AOK reißt Krankenkassenfinanzen tief ins Minus

Im Gesundheitswesen gibt es derzeit fast nur ein Themenfeld, die Bewältigung der Corona-Pandemie, die Lage in den Krankenhäusern, die Würdigung der Pflegekräfte. In den Hintergrund gerät dabei die unsichere Finanzierung der künftigen Versorgung. In den Kranken- und Pflegekassen klaffen gewaltige Lücken, die nur mit viel Mühe gestopft werden können: mit erhöhten Beiträgen, dem Rückgriff auf Reserven, vor allem aber aus Steuermitteln. Der ohnehin hohe Bundeszuschuss zur gesetzlichen Krankenversicherung (GKV) verdoppelt sich 2022 auf 28,5 Milliarden Euro.

Doch die Hiobsbotschaften reißen nicht ab. Allein der Platzhirsch am Markt, die Allgemeinen Ortskrankenkassen (AOK), melden für das zurückliegende Jahr ein nie dagewesenes Defizit. Es ist sogar höher als die Rekordunterdeckung aller Kassen zusammen zu Beginn der Zweitausenderjahre. 2002 und 2003 überstiegen in sämtliche Versicherungen zusammengenommen die Ausgaben die Einnahmen um rund 3,4 Milliarden Euro. Dann folgten fünfzehn Jahre, in denen es vorwiegend Überschüsse gab, bis 2019 die Rechnung wieder ins Minus drehte. 2020 sah es mit minus 2,7 Milliarden Euro besonders übel aus. Doch das ist nichts gegen die Horrorzahlen der AOK für 2021, die der F.A.Z. vorliegen.

Diesen vorläufigen Daten zufolge betrug die Finanzierungslücke im vergangenen Jahr sage und schreibe 4,1 Milliarden Euro. Das waren noch einmal 1,5 Milliarden Euro mehr, als die AOK in den ersten drei Quartalen ausgewiesen hatte. Und es bedeutete eine Vervierfachung des AOK-Defizits von 2020. Zum Vergleich: 2019 hatte das Finanzloch des Verbunds nur 121 Millionen Euro betragen, 2018 und 2017 waren sogar satte Überschüsse von mehr als einer Milliarde Euro angefallen.

Andere Kassen ebenfalls im Minus

Die anderen Verbände, etwa jene der Ersatz-, Betriebs- und Innungskrankenkassen, haben ihre Zahlen noch nicht veröffentlicht. Bis zum dritten Quartal lagen aber auch sie im Minus, mit Ausnahme der kleinen Landwirtschaftskassen und der großen Ersatzkassen. Das Gesamtsystem hatte damals minus 3,2 Milliarden Euro ausgewiesen. Selbst wenn der Ersatzkassenverband seine geringen Überschüsse von 70 Millionen Euro im vierten Quartal ausgebaut haben sollte, sind angesichts der überwältigend schlechten AOK-Daten keine grundlegenden Verbesserungen in den GKV-Finanzen zu erwarten. 2021 könnte damit als eines der schlechtesten oder vielleicht sogar als das schlechteste Jahr überhaupt in die GKV-Geschichte eingehen.
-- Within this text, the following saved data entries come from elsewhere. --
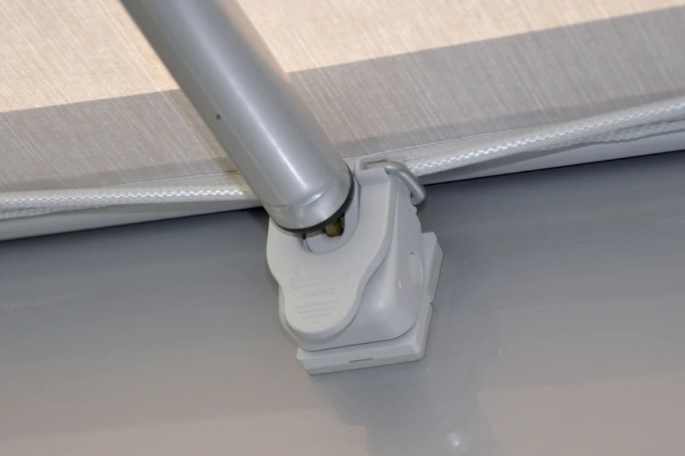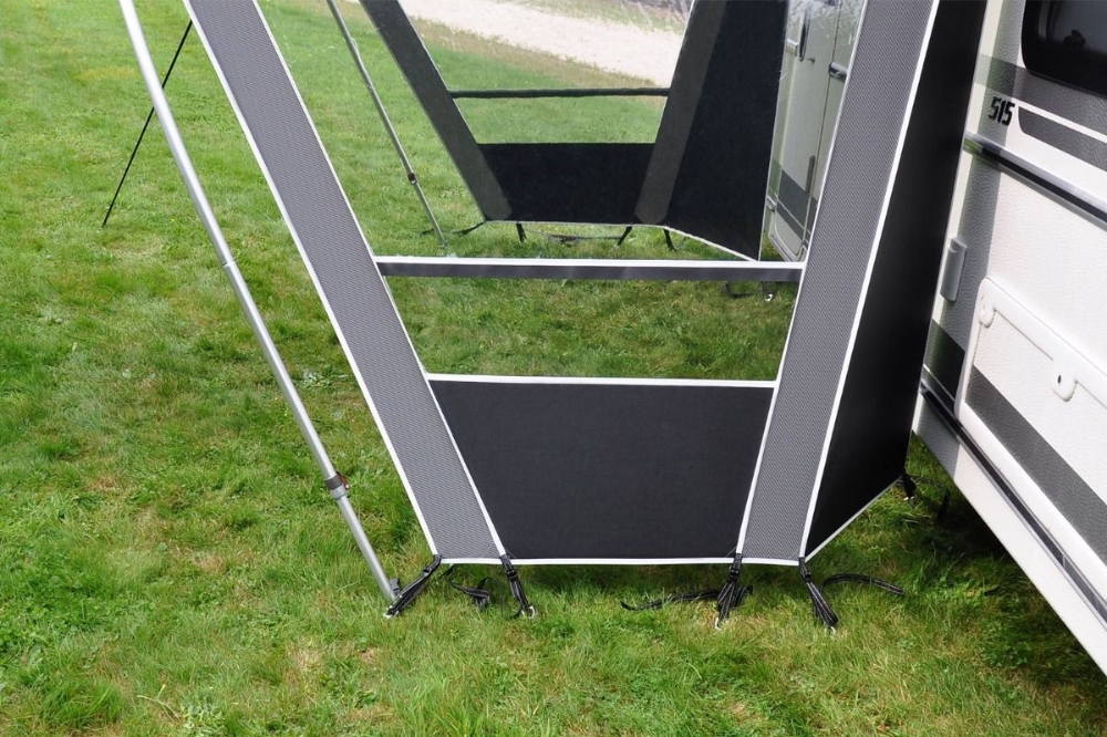 Ook het opzetten is eenvoudig en geschikt voor iedere kampeerder. Je schuift de pees van de luifel in de rail van de caravan of camper, plaatst de aluminium boogstok en rits deze in de tunnelsleuf. Daarna monteer je de dakliggers en staat de luifel stevig. Dankzij de meegeleverde Quick Lock-blokjes hoef je bovendien niet in de caravan te schroeven. Voor montage is een horizontale rail nodig op een hoogte tussen 240 en 255 cm. De minimale rail-lengte bedraagt 280 cm voor de Siena 350, 330 cm voor de Siena 400 en 380 cm voor de Siena 450.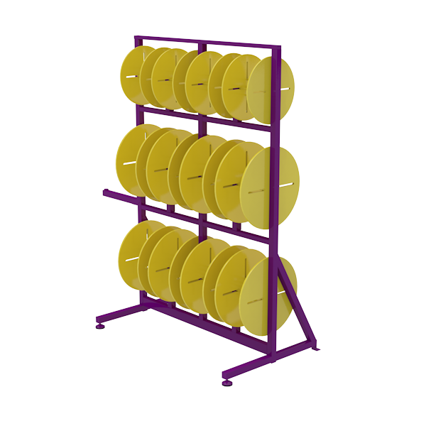 - Кабельный стеллаж представляет собой распределительную стойку для хранения двенадцати бухт с кабелем, проводом или тросом на технологически барабанах.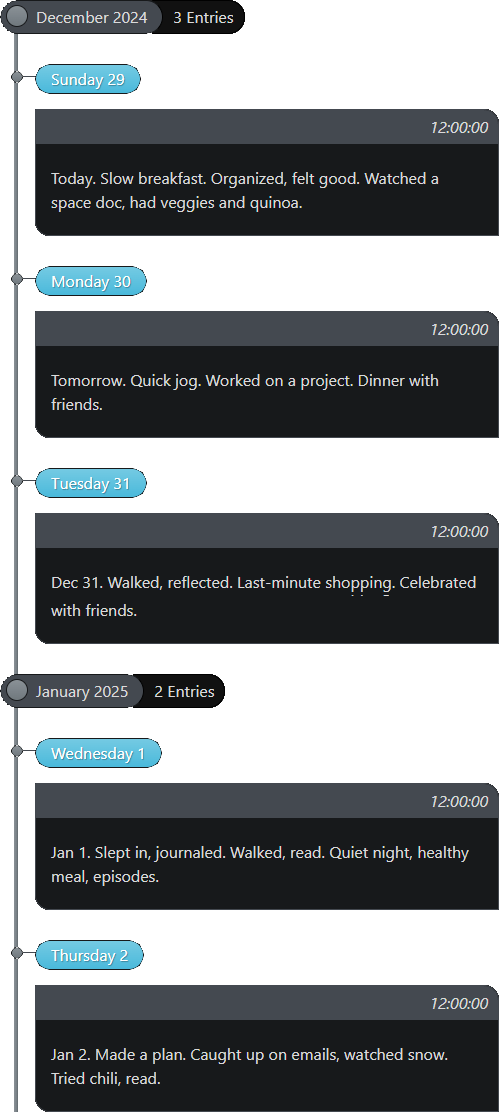 The Easy Timeline plugin for Obsidian allows you to create timelines easily. It’s inspired by the historica plugin, and it’s designed for those who need a simple way to visualize events over time. It allows references in properties to be used by relative dates.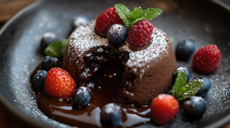 Chocolate fondant with a molten center, topped with fresh berries and mint, presented in a detailed close-up on a plate.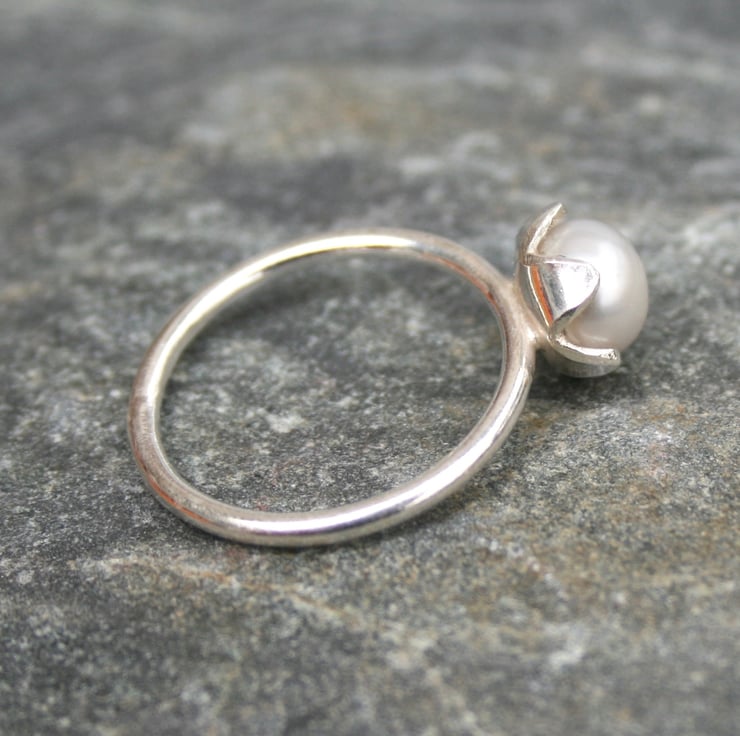 Pearl and silver ring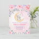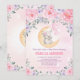 This design features watercolor illustration of an adorable baby elephant sitting on a crescent moon and gorgeous pink & lavender flowers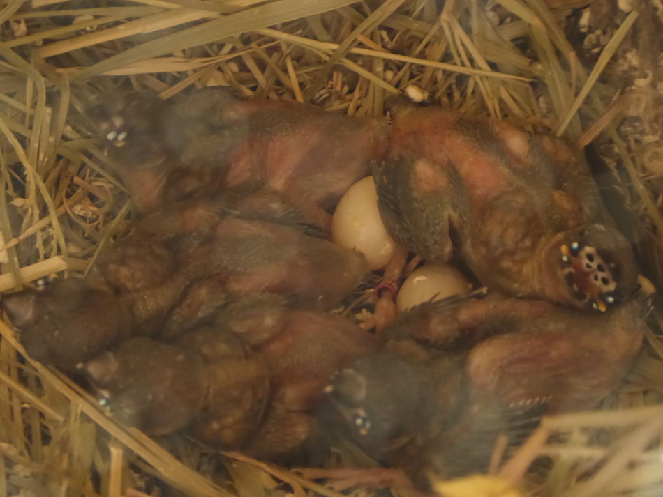 Il y a quelques jours , j'ai voulu les changer et c'est là que j'ai découvert un nid avec des oeufs ... J'ai donc laisser faire ! vous pouvez voir sur une autre photos que des naissances ont eu lieu , les jeunes seront bagués demain matin . Une autre photo avec une nichée de goulds ! Cordialement toujours . J2L.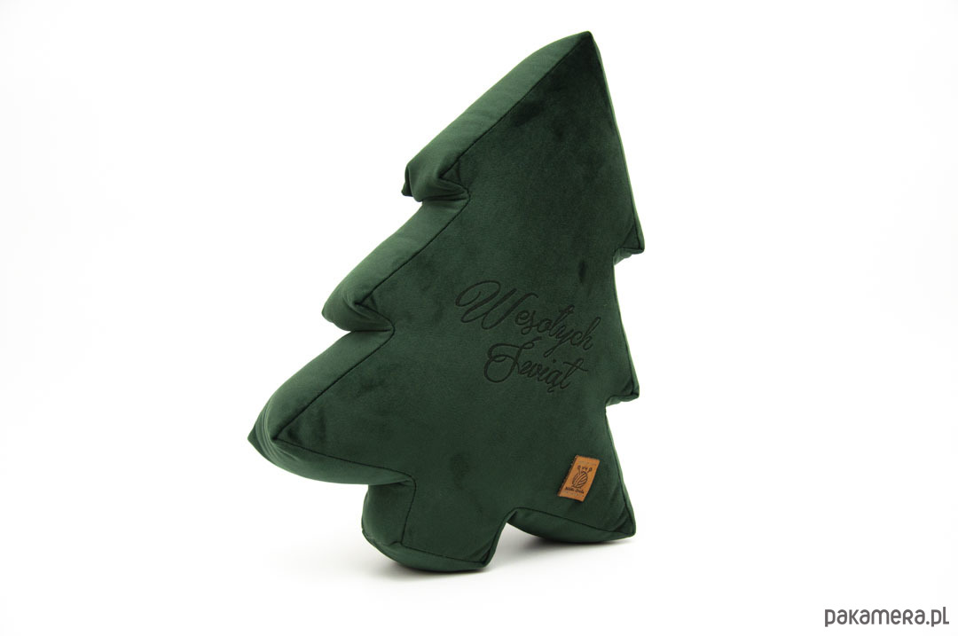 Welurowa poduszka dekoracyjna drzewko choinka z grawerem Wesołych Świąt

Neben der AOK hat auch die kleine Knappschaft ihre Jahreszahlen präsentiert. Bei ihr fiel ein Defizit von 104 Millionen Euro an, etwas weniger als 2020 mit damals 138 Millionen. Knappschafts-Geschäftsführerin Bettina am Orde stellt klar, dass die Belastungen nicht an der Corona-Pandemie lagen. Es habe, im Gegenteil, eine „pandemiebedingte Zurückhaltung der Versicherten bei der Inanspruchnahme von Versicherungsleistungen“ gegeben, sagte Orde am Freitag.

Vielmehr habe der Fehlbetrag mit der Vermögensabgabe zu tun, also dem Rückgriff in die Reserven. Diesen hatte die zurückliegende Bundesregierung mit Gesundheitsminister Jens Spahn (CDU) den Kassen auferlegt, um die GKV-Finanzen zu stabilisieren. Der Grund dafür war, dass die Kassenrücklagen ein Mehrfaches der gesetzlich vorgeschriebenen Mindestreserve betrugen, die Spahn nachvollziehbarer Weise zunächst einmal abschmelzen wollte, bevor er andere Finanzierungswege beschritt, etwa Beitragserhöhungen.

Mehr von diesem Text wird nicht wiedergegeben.